Following the announcement of the Proposed Transaction and without the Company
waiving the requirements of its Venue Provision, four shareholders of FX Energy filed similar
actions in the District Court of Clark County, Nevada (the Nevada Actions). Rather than
seeking to enforce the Venue Provision, which would eliminate any concerns over parallel
litigation, Defendants are asking this Court to stand down and allow the litigation to proceed in
Nevada.
Defendants motivation for this nonsensical approach becomes clear when considering
the law firms representing the shareholders in the Utah Action and the Nevada Actions.
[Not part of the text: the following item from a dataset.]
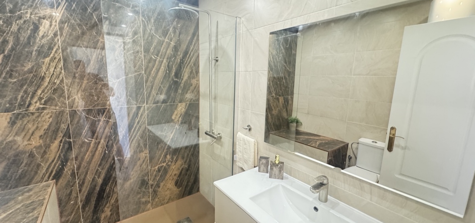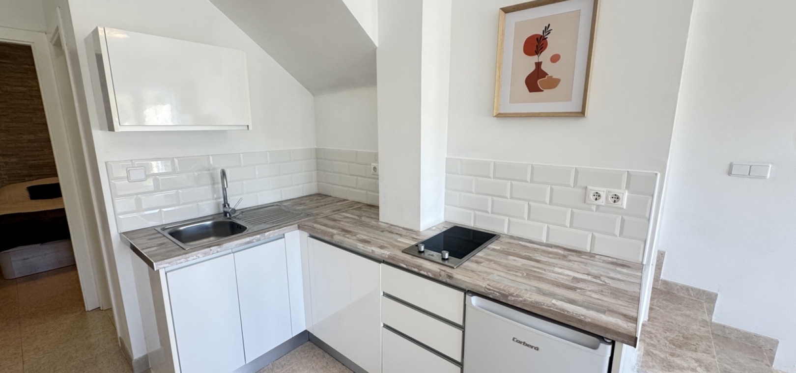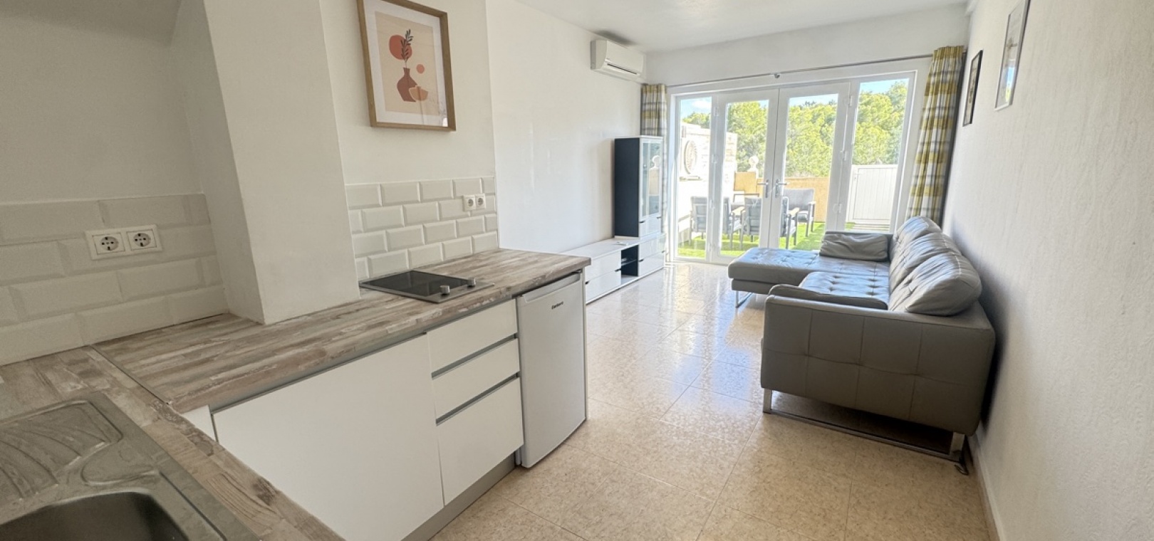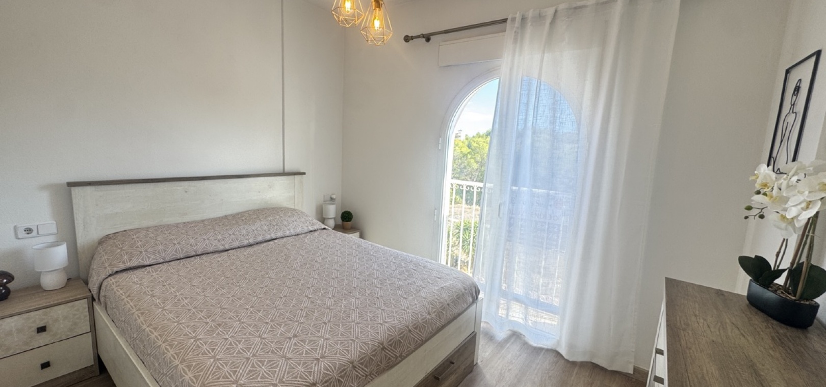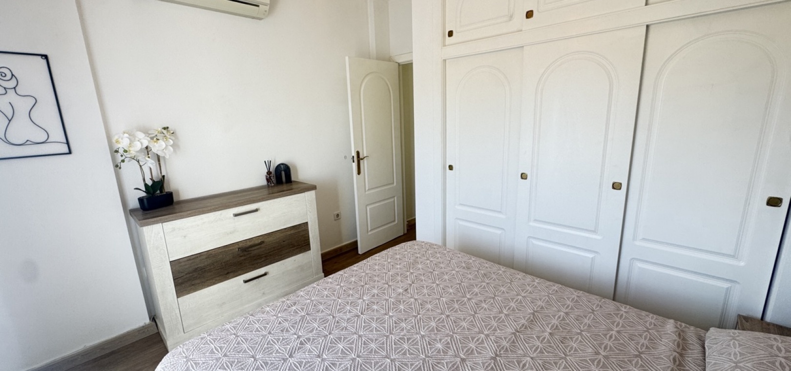 Drei Wohnebenen – flexible Aufteilung für Familie oder Gäste Option für ein abgeschlossenes Apartment im Untergeschoss mit Schlafzimmer, Küche, Bad und Wohnzimmer – ideal für Besucher oder zur Vermietung Moderne, voll ausgestattete Küche im mittleren Stockwerk, offen zum Wohnzimmer Zwei Schlafzimmer im Obergeschoss , eines davon mit direktem Zugang zum Balkon und zum privaten Solarium auf dem Dach Gemeinschaftspool zu Fuß erreichbar Sofort bezugsfertig – sofortiger Bezug möglich

Under
every available metric, there are two tiers of plaintiffs firms that regularly file claims
challenging merger transactions on behalf of shareholders of public companies one tier that
aggressively litigate these actions and pursue claims for monetary damages, and another tier that
often settle these cases quickly and give away shareholders claims as part of a global release
while providing no material benefits to the class. Although counsel for the Utah Plaintiffs are
among the former tier, having secured a majority of the largest monetary recoveries on record in
this type of action, counsel in the Nevada actions are among the latter tier and do not have the
same track record or approach to litigation. See Joel Edan Friendlander, How Rural/Metro
Exposes the Systemic Problem of Disclosure Settlements, Social Science Research Network,
Nov. 12, 2015 (attached hereto as Exhibit A).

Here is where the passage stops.